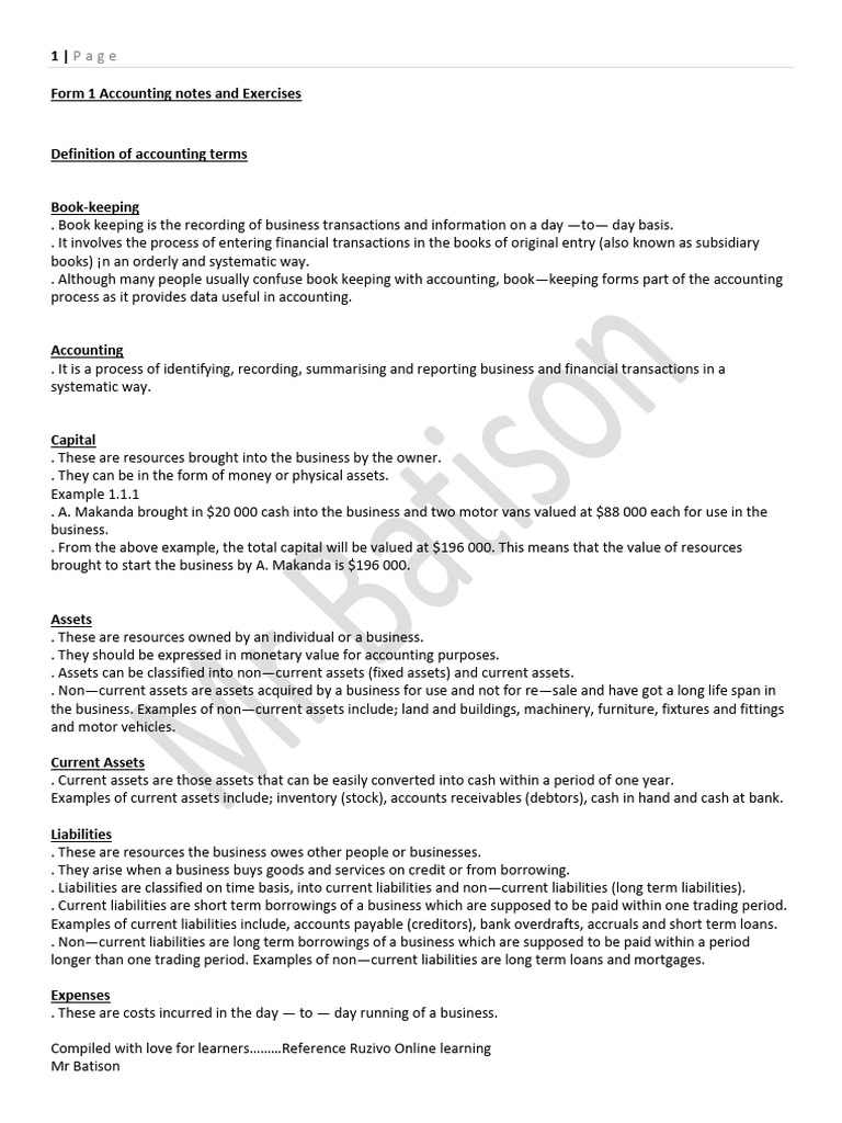 Form 1 Accounting Notes
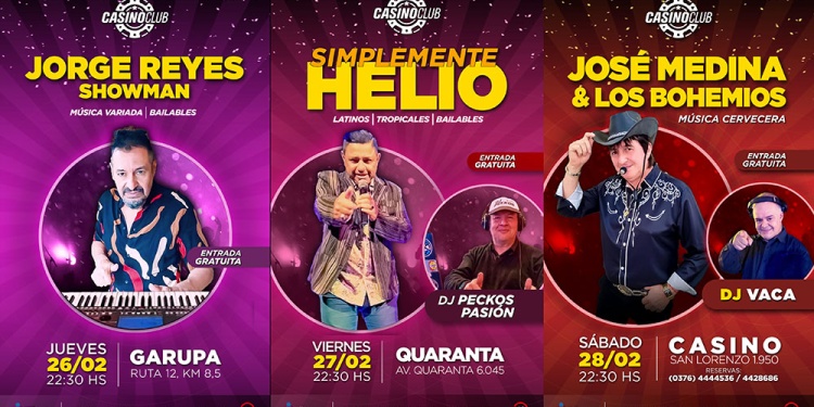 El último fin de semana de febrero llega con una propuesta cargada de música en vivo, animación y pista bailable en las distintas sedes de Casino Club. Con entrada gratuita y espectáculos para todos los gustos, la agenda combina ritmos tropicales, melódicos, cerveceros y clásicos populares.
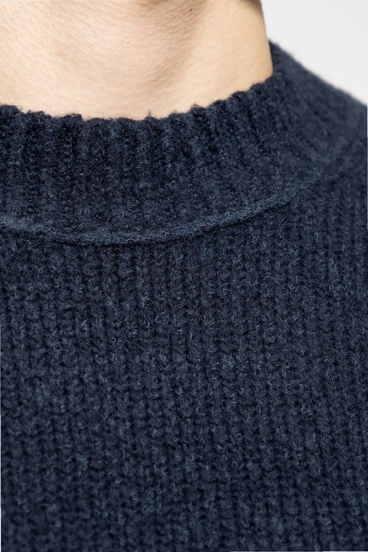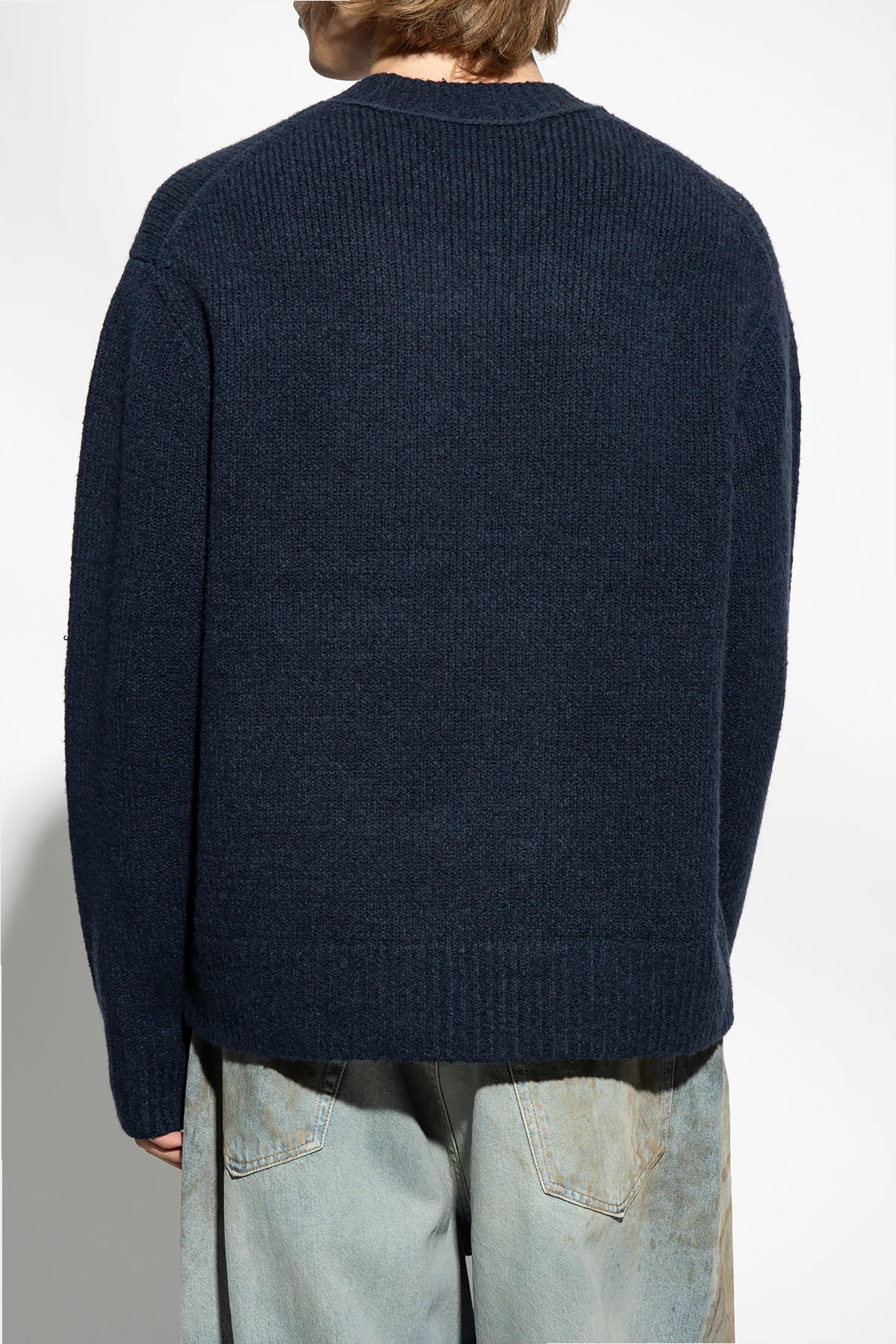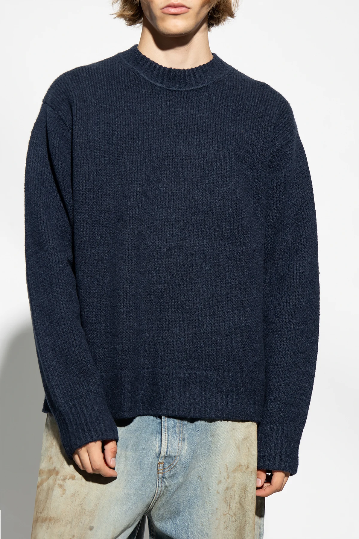 Granatowy, prążkowany sweter Acne Studios. Wykonany z mieszanki bawełny oraz wełny. Okrągły dekolt, rękawy oraz dół zakończone ściągaczem.

Problem description:
The required output is an exact copy of the lines from the one with "El último fin" through the final line of the data above, with pictures removed.

Solved problem:
 El último fin de semana de febrero llega con una propuesta cargada de música en vivo, animación y pista bailable en las distintas sedes de Casino Club. Con entrada gratuita y espectáculos para todos los gustos, la agenda combina ritmos tropicales, melódicos, cerveceros y clásicos populares.
 Granatowy, prążkowany sweter Acne Studios. Wykonany z mieszanki bawełny oraz wełny. Okrągły dekolt, rękawy oraz dół zakończone ściągaczem.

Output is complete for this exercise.